# Did Anyone Buy MS Vista Yet ??



## Guest (Jan 30, 2007)

Once upon a time, I used to keep up with all the software trends and fads. These days, I realize that I don't really need to stay ahead of the curve, my 'stuff' works just fine 'as is'.

I was just curious to see if anyone picked up the new home version of the operating system. It was marketed as "WOW".

I wanted to see if anybody had a "WOW" experience.

JR


----------



## frazil (Jan 30, 2007)

didn't it just come out today?? I won't get it until the IT dept here decides it's safe enough to use. I won't get it at home until it comes with my next computer...probably not for awhile.


----------



## TouchDown (Jan 30, 2007)

I camped out all night at the local electronics stores and had to fight off teenage, pimpleheaded, coke bottle glasses dudes who couldn't stop snorting as they charged forward to get their copy...

Actually - I heard that they were attempting to release Vista with internet downloads as well to see how that went, vs. the CD installation... Kind of a cool way to go, if you have broadband.


----------



## FusionWhite (Jan 30, 2007)

I test drove Vista for about an hour at my local Best Buy a few weeks ago. Holy crap I love it. The gadget bar is so cool. I didnt get a chance to mess around with the file system but Ive heard its much better.
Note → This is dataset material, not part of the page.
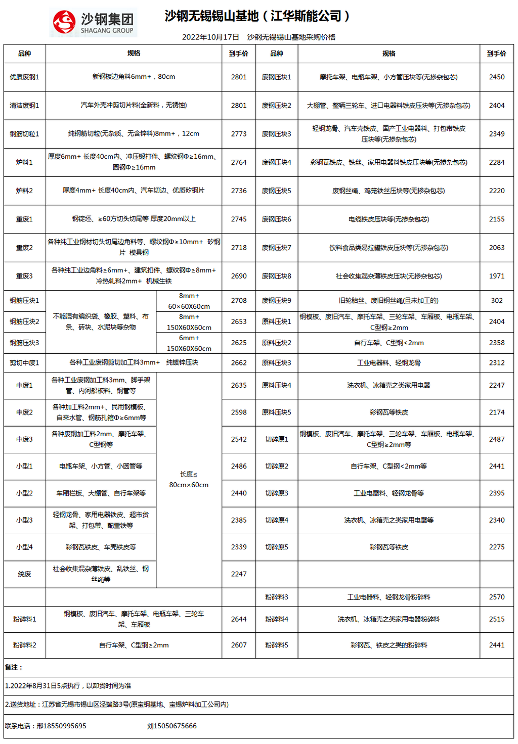 今日沙钢锡山基地 废钢采购报价已更新,有货的朋友欢迎联系我们!

I worked in a computer repair store for about 5 years and am a reformed super-uber-grade A++-computer geek. Since I graduated though Ive let my skills and knowledge slip but I still keep up with the big stuff. Im looking forward to getting a new computer with Vista on it.


----------



## RIP - VTEnviro (Jan 30, 2007)

So, it's basically the latest version of windows? I never heard of it?


----------